What are the code requirements for knob and tube? I wanna install a dimmer switch and ceiling fan but all the wire is knob and tube


----------



## Executive (Aug 11, 2012)

394.10 Knob and Tube OK for
1. Extensions of existing installations.
2. Elsewhere by special permission.

Your problem will be grounding. Your dimmer switch and fan will have connections for an equipment grounding conductor which is not present in a knob and tube system.

You have some decisions to make.

In this area, home inspectors red-flag K&T and most homeowners insurance companies will not write a policy for a dwelling that contains K&T. I was taught that it was a very safe wiring method. I can see problems, though, especially with the older foil backed fiberglass insulation...

Chris


----------



## ptcrtn (Mar 14, 2011)

The last time I extended knob & tubing was 1978.


----------



## RHWilks (Jul 14, 2012)

I would pull a new circuit up for the Dimmer and the ceiling fan.. Since dimmer fail more often on shared neutrals..<Ummm Grounded Conductor>.


----------



## Tjdcsk8 (Aug 20, 2012)

These are lath walls tho.

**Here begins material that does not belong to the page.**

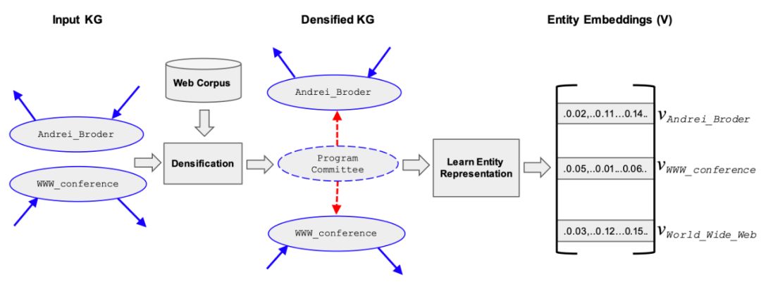 具体来讲,论文中将维基百科中高频出现的 unigram 和 bi-gram 短语当做伪实体,然后利用其它 web 文本中的共现信息建立伪实体和其他实体间的边。整体过程如下图所示:

What would be the process of running new wire


----------



## Speedy Petey (Jan 10, 2007)

The best process would be to wait until you are knowledgeable and experienced enough.


----------



## socalelect (Nov 14, 2011)

In before this one is shut down


----------



## Executive (Aug 11, 2012)

Speedy Petey said:


> The best process would be to wait until you are knowledgeable and experienced enough.


Excellent advice to the OP. This site is for professionals. Old work electrical installations are an art. Installing wiring without destroying the building finish is challenging, time consuming, and not for a beginner.

Chris


----------



## Pistol (Aug 16, 2012)

If you were going to do it regardless of what anyone says... it would be safer to install a GFCI breaker on the circuit rather than attempting to rewire the house...


----------